[Stored data entries]
========

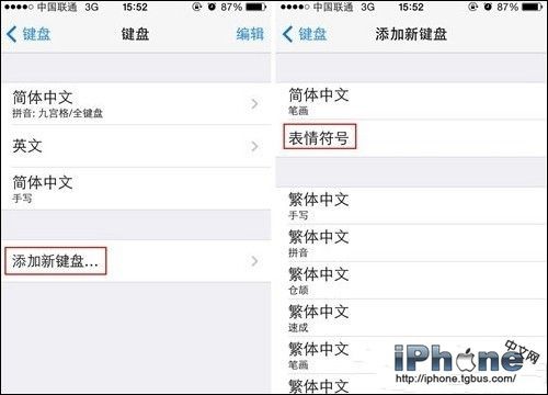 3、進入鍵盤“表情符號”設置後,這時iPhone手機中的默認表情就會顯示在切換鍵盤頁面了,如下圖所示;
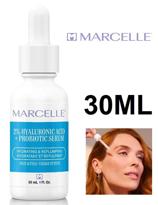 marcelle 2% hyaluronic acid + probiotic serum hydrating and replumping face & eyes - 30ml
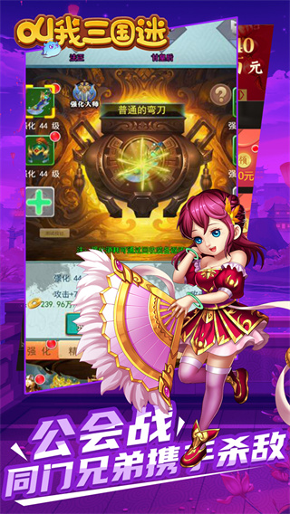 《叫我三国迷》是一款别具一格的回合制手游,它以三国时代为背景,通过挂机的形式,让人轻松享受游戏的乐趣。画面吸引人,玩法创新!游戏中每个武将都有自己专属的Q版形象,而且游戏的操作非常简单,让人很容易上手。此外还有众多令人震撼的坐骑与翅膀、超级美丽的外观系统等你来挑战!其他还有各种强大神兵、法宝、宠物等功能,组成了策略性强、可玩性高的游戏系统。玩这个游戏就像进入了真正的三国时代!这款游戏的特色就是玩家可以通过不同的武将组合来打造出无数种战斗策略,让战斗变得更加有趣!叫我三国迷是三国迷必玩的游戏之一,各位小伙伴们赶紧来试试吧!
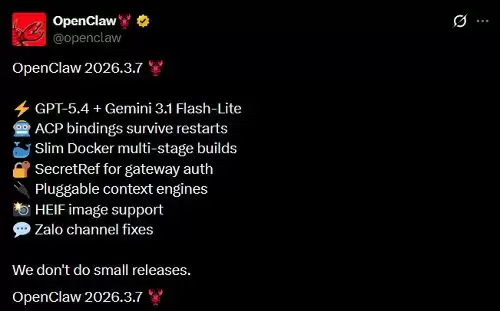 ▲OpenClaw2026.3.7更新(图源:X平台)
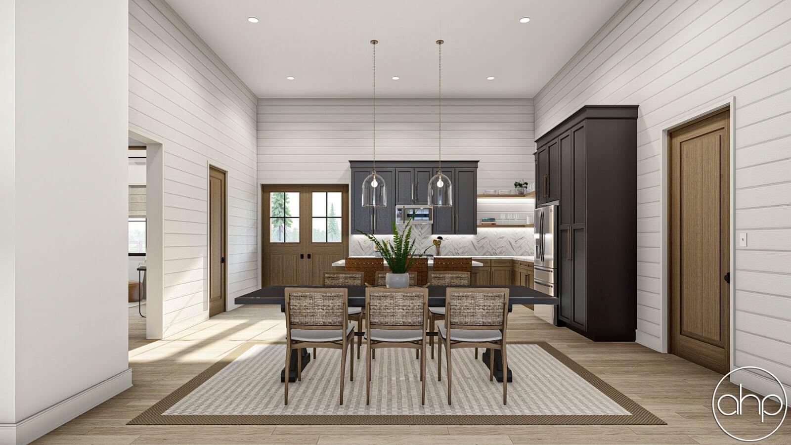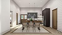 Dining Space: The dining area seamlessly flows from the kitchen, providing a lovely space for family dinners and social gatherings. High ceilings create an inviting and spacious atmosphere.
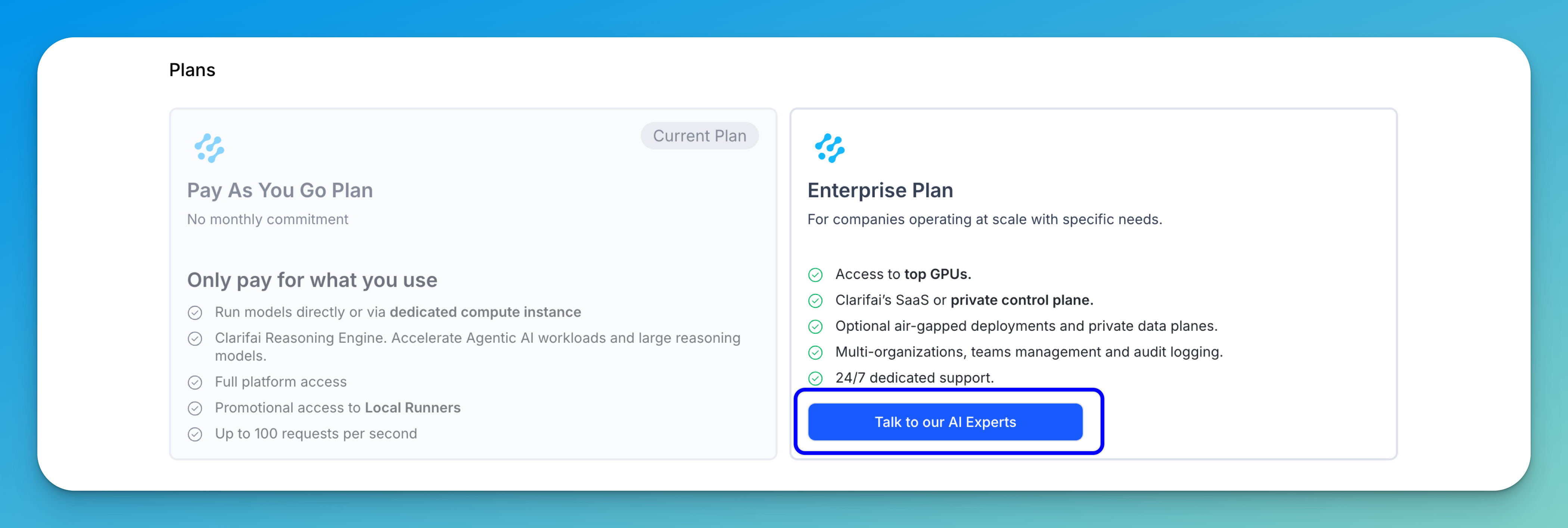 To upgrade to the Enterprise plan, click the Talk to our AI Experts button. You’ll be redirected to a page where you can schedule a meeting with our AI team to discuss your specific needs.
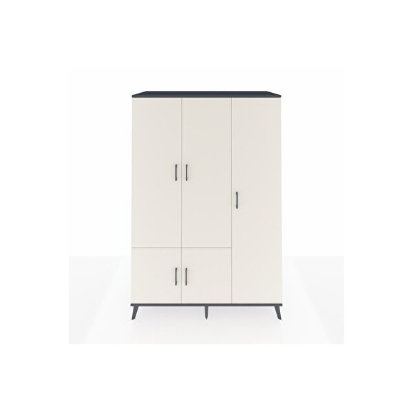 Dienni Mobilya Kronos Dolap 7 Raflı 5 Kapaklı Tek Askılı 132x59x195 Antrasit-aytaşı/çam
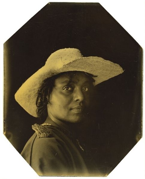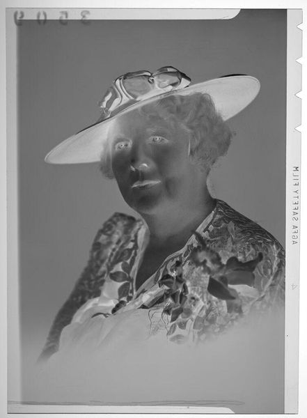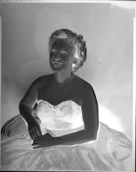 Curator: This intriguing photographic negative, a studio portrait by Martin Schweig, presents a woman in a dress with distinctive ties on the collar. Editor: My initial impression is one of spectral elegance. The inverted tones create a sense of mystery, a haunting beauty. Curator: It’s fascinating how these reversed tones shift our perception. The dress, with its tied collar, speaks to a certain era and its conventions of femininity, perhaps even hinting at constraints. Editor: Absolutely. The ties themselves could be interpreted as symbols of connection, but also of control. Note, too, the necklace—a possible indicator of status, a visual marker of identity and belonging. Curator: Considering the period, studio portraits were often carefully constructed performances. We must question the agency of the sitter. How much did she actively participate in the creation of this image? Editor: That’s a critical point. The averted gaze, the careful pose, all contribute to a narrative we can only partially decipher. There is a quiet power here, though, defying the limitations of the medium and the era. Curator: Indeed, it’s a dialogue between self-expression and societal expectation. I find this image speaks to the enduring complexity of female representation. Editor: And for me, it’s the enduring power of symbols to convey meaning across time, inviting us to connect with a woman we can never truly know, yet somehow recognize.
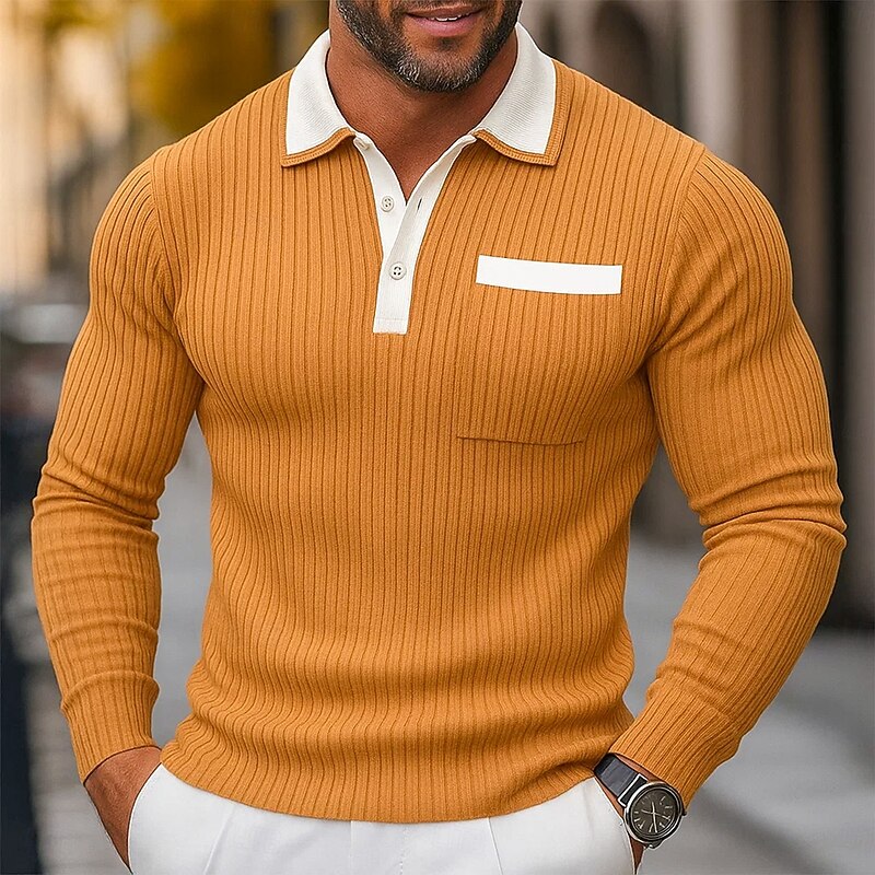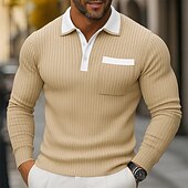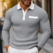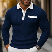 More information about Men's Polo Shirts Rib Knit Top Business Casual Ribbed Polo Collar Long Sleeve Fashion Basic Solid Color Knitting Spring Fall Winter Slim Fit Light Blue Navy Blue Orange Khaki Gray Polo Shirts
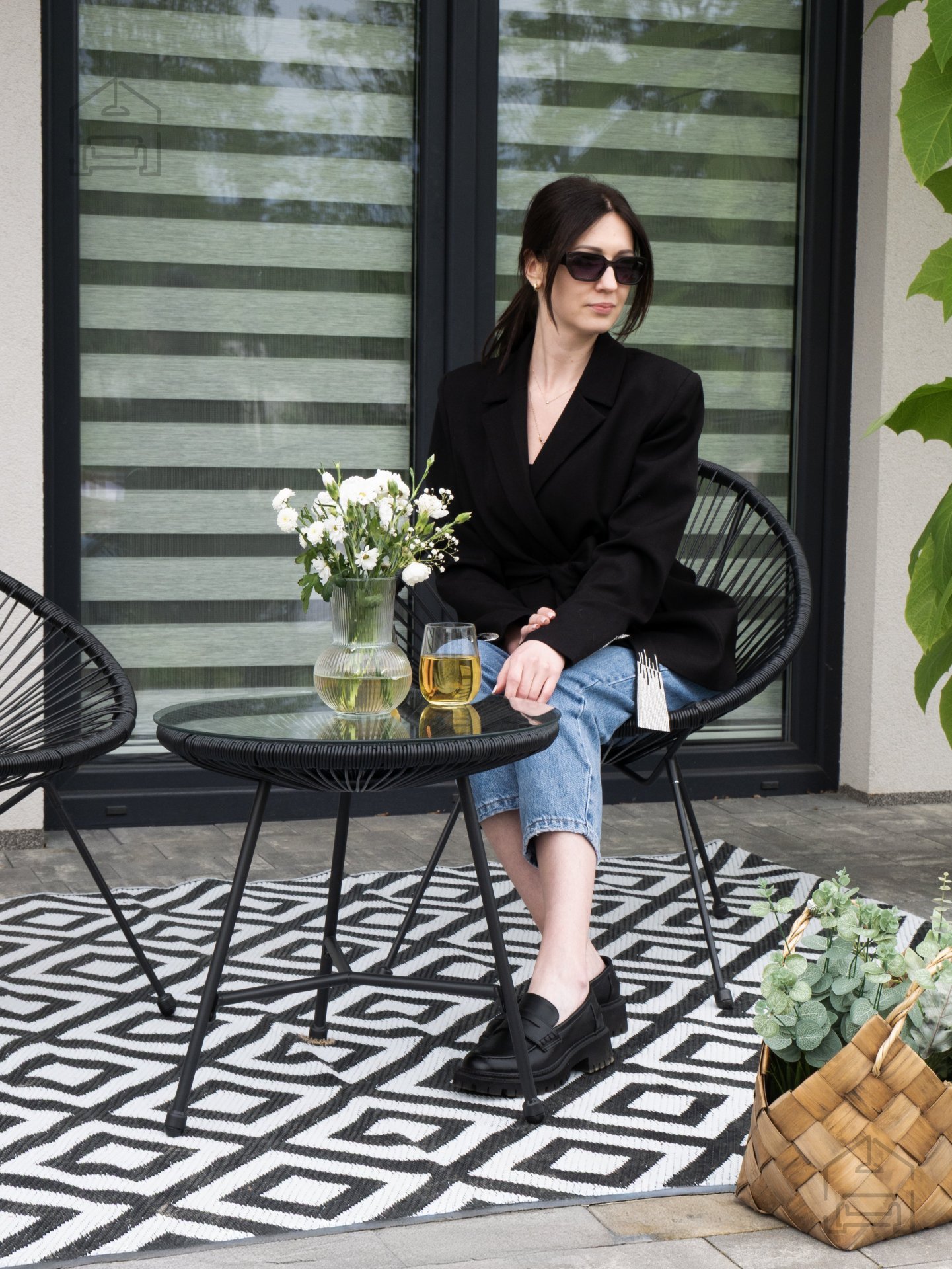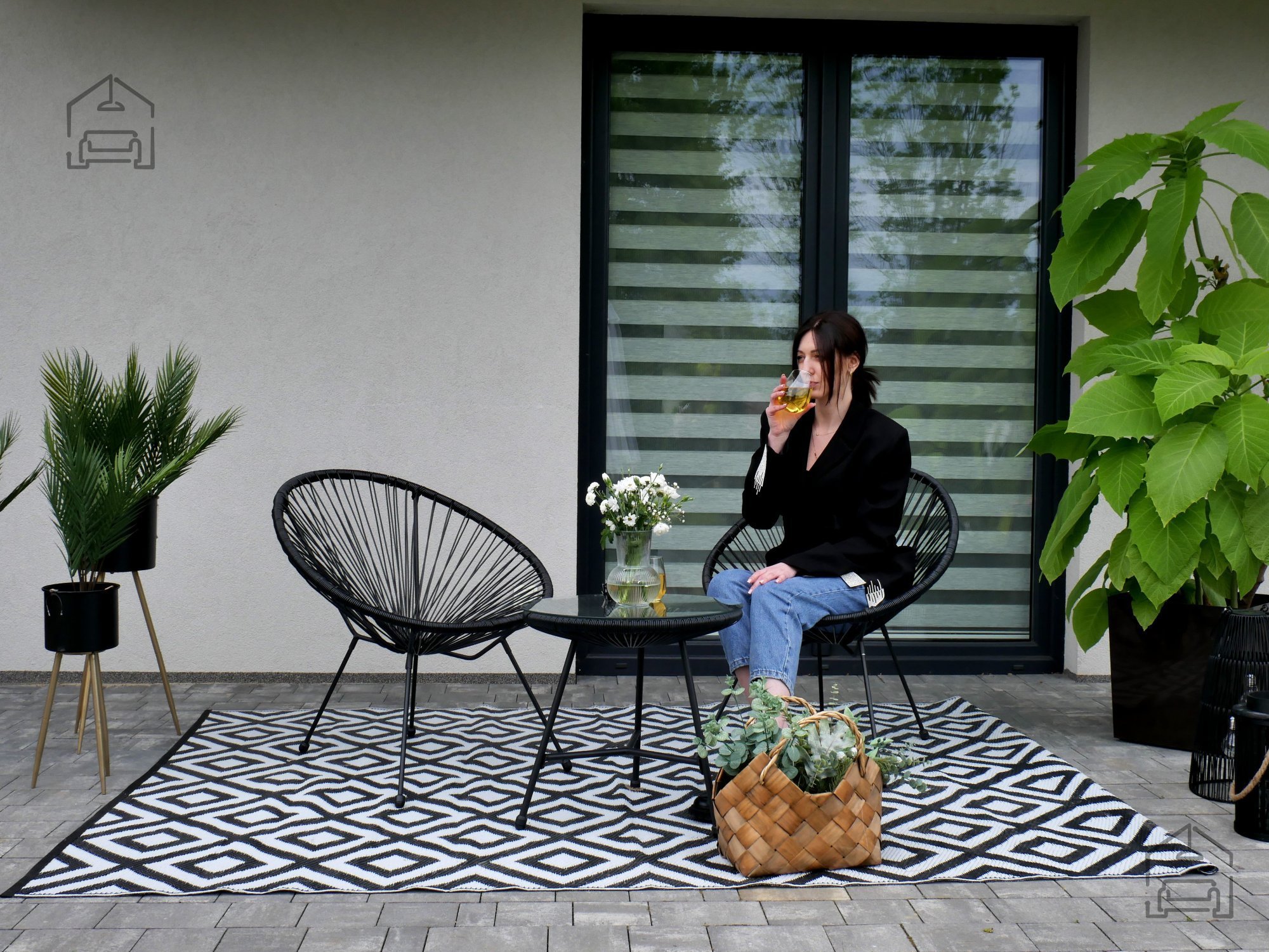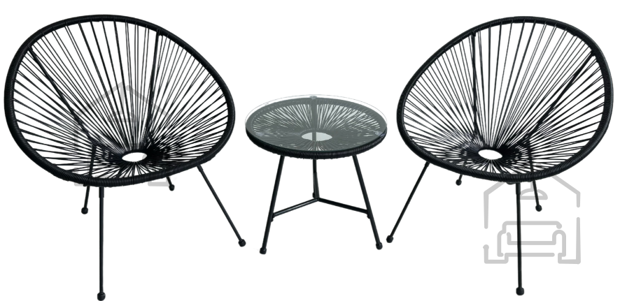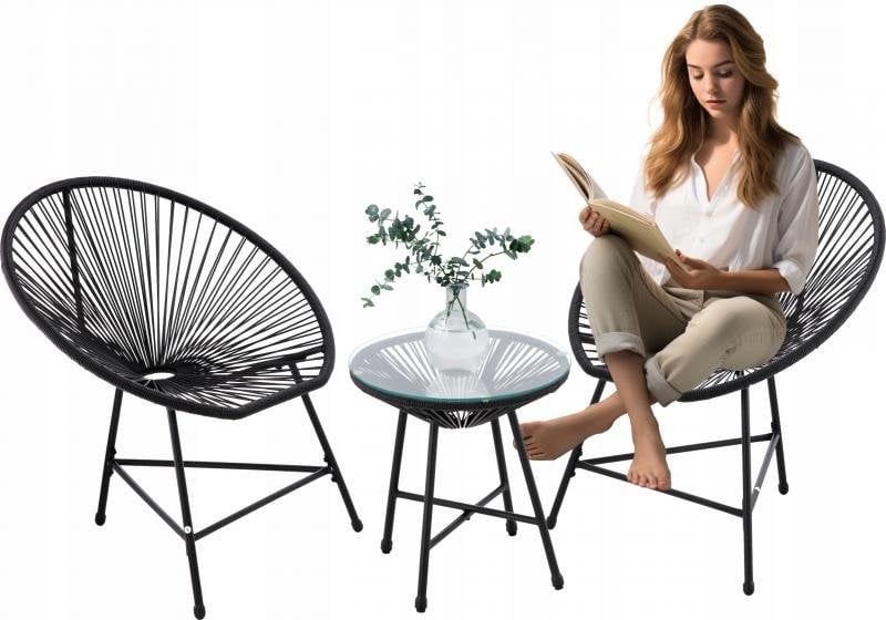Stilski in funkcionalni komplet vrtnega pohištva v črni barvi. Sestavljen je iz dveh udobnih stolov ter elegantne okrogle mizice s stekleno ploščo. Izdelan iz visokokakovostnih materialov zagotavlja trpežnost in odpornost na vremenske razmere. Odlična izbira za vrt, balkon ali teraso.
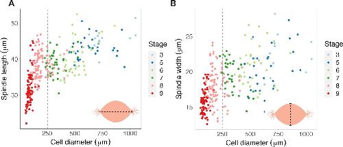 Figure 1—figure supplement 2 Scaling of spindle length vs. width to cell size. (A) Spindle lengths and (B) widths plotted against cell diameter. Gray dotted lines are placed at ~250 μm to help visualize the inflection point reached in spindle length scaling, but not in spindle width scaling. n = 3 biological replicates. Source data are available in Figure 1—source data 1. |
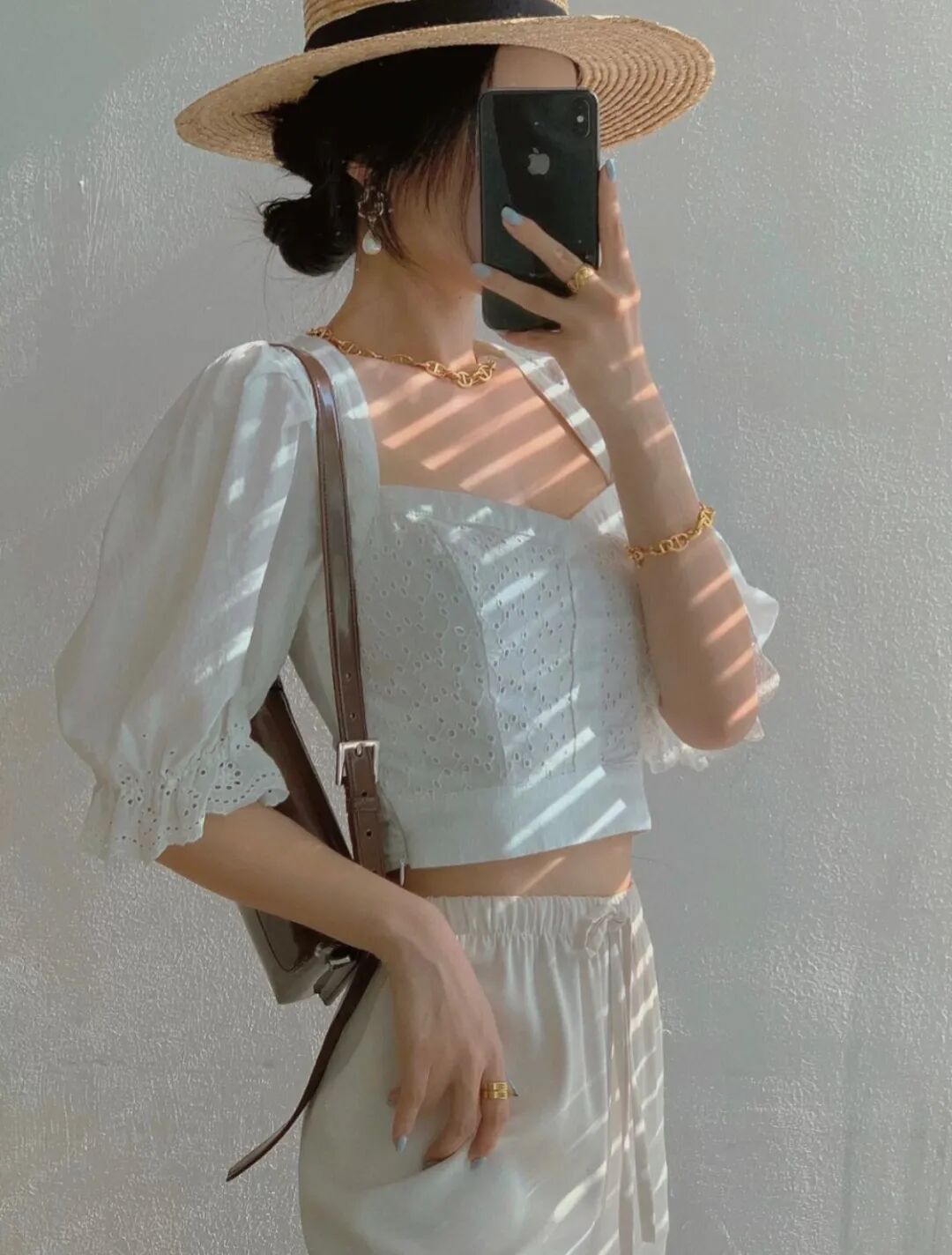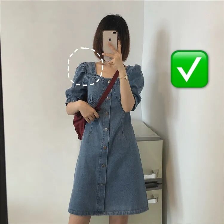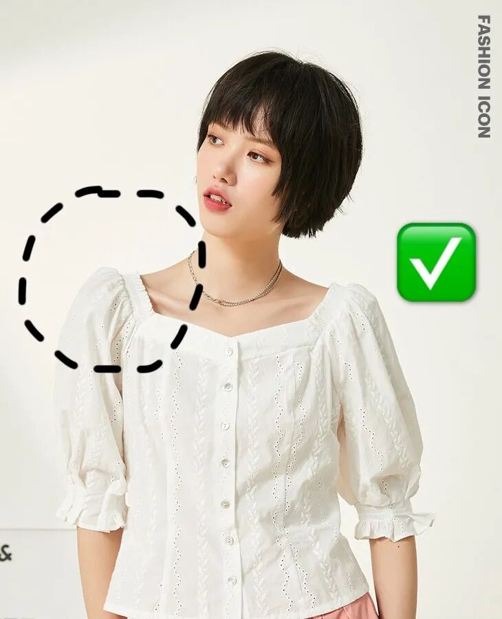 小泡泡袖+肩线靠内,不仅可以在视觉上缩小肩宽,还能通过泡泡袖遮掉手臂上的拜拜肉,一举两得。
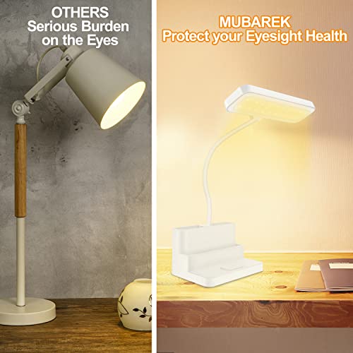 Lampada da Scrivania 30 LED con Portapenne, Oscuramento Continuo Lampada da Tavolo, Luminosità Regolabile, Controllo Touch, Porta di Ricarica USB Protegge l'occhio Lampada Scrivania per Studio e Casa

========

Exactly the lines from the one that contains "小泡泡袖+肩线靠内,不仅可以" to the last line of the data, both included, should be set down, and no pictures should appear among them.

Exercise response
 小泡泡袖+肩线靠内,不仅可以在视觉上缩小肩宽,还能通过泡泡袖遮掉手臂上的拜拜肉,一举两得。
 Lampada da Scrivania 30 LED con Portapenne, Oscuramento Continuo Lampada da Tavolo, Luminosità Regolabile, Controllo Touch, Porta di Ricarica USB Protegge l'occhio Lampada Scrivania per Studio e Casa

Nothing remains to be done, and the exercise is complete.